Following the verification of all found cells, CellSeeker runs a multi-step output process consisting of the following:

• Creation of the following directory structure in a user-defined location to store identified cell images and Ilastik projects:
  • ExtractedVolumes
  • Cell01
  • Nucleus
  • CellBody
  • Axon
  • Dendrites
  • Inputs
  • AdditionalStructures
  • Cell02
  • ...
• Calculation of cell image stack origin within the coordinate system the whole EM volume (for placement of segmentation later). Origin is saved as CellBody/coordinates.txt.
• Extraction of EM image multipage TIFF containing the current cell to CellBody/cell#_EM.tiff. (Currently accomplished using the newstack script written for the IMOD software produced by the Boulder Laboratory for 3-D Electron Microscopy of Cells, University of Colorado: Boulder (bio3d.colorado.edu/imod) under the GNU GPL (29 June 2007).)
• Preprocessing of EM data for use in the "carving" workflow in Ilastik, which produces a project file saved to CellBody/cell#_EM.ilp. Preprocessing is accomplished using a headless Ilastik instance with the carving workflow and preprocessing settings of a step-edges filter for edge identification and a sigma size of 1.2 pixels (currently hard-coded, may be changed to user-controlled in future update).
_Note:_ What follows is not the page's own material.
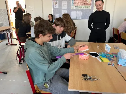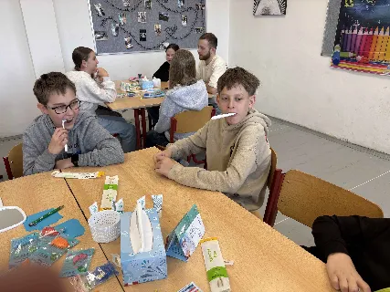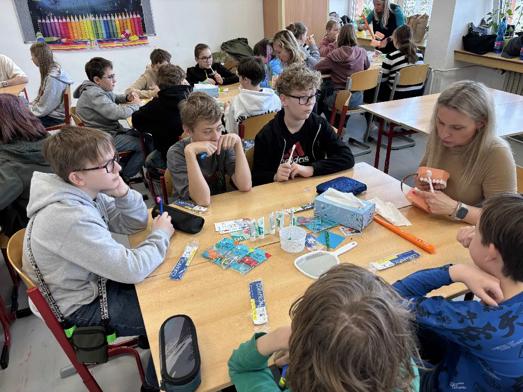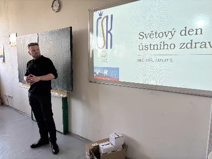 Dne 20. 03. 2026 proběhla na našem gymnáziu osvětová akce pro studenty primy až kvarty v rámci Světového dne ústního zdraví. Programem nás provedl tým zkušených zubařů a studentů Lékařské fakulty Ostravské univerzity

Note: Folders other than the CellBody folder will be empty, and are produced simply for convenience for future segmentation.

Output Usage

CellSeeker produces both a multipage TIFF stack of EM images which can be read by many segmentation softwares (Ilastik, IMOD, Seg3D, FIJI, etc.) and an Ilastik project file that can be used immediately in the Ilastik carving workflow.